Глава IV. «Новая газета» и «Давидсбюндлеры»
Глава IV. «Новая газета» и «Давидсбюндлеры»
Причины возникновения «Новой газеты» и ее задачи. – Характер газеты, – Людвиг Шунке. – Шуман как критик. – Давидсбюндлеры. – Отзывы Шумана о Рубинштейне и Львове.
Музыка в Германии, достигшая при Бетховене апогея своего величия, со смертью его стала приходить все больше и больше в упадок и наконец утратила вполне свое серьезное направление, впав в «классически-романтический полусон». На сцене царила итальянская опера с Россини во главе, в концертах пожинали лавры Герц, Черни, Калькбреннер и другие артисты, игра которых основывалась исключительно на внешнем блеске и техническом совершенстве. Поэзия и внутренний смысл искусства как будто были утрачены не только артистами и публикой, но самой критикой. Казалось, что критика перестала понимать цель своего существования. Преклоняясь раболепно перед модными авторитетами, которых хвалила без разбора, она яростно восставала против всего оригинального, молодого, что выбивалось из узких рамок обыденности и устарелых понятий. Критические статьи лейпцигской «Всеобщей музыкальной газеты» (Allgemeine musikalische Zeitung) под редакцией Финка, так же как статьи редактора берлинской газеты «Ирис» Рэльштаба, были всецело и беспощадно направлены против Шопена, Шумана, Мендельсона и Шуберта, то есть именно против тех начинающих тогда гениев, которые впоследствии сделались одними из самых ярких светил искусства. Такое печальное положение дел составляло главную тему разговоров среди молодежи, которая собиралась по вечерам в ресторане «Кафебаум» и для которой музыка была насущным хлебом. Тогда молодые люди решили не смотреть безучастно, но действовать энергично против закоренелого зла, восстановить поэзию искусства в ее прежнем значении, внести новую, свежую струю в стоячую воду и провозгласить более великие художественные идеалы.

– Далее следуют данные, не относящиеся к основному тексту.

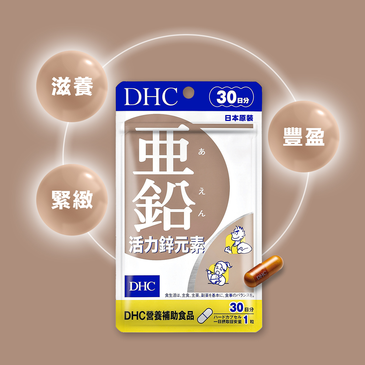 DHC活力鋅元素擁有豐富鋅含量,並搭配鉻、硒等礦物質,同時維持醣類、蛋白質、核酸正常代謝,體力及能量補充最完備,小錠劑設計,輕鬆一顆鋅錠,為生活帶來滿滿活力。

Для этой цели они задумали издавать музыкальную газету, задача которой состояла в правдивом изложении фактов, в верной критике, не искажающей истины ради угождения известному лицу, и главное в поощрении всего молодого и самобытного. «Наше намерение, – говорили они, – просто; вот оно: напоминать постоянно о старом времени и его произведениях, о том, что лишь у такого чистого источника можно почерпнуть новые художественные красоты, затем недавнее прошлое, направленное лишь на развитие внешней виртуозности, побороть как антихудожественное и наконец приготовить новое, поэтическое время, способствуя его скорейшему появлению».
Мечта молодых людей осуществилась не без препятствий, явившихся в лице издателей, которые с недоверием относились к юности смелых борцов за искусство. Но в юности и таилась их сила. Благодаря энергии, с которой действовала эта предприимчивая молодежь, препятствия были устранены, издатель нашелся в лице Гартмана, и газета, носившая название «Новой газеты», образовалась под редакцией Шунке, Кнорре, Вика и Шумана. Впоследствии, когда смерть и другие обстоятельства лишили редакцию некоторых из ее главных представителей и газете грозила гибель, Шуман, чтобы спасти дорогое детище, стал один во главе ее и продолжал начатое дело в течение десяти лет, до 1844 года, после чего редакция перешла к Освальду Лоренцу и затем к Бренделю.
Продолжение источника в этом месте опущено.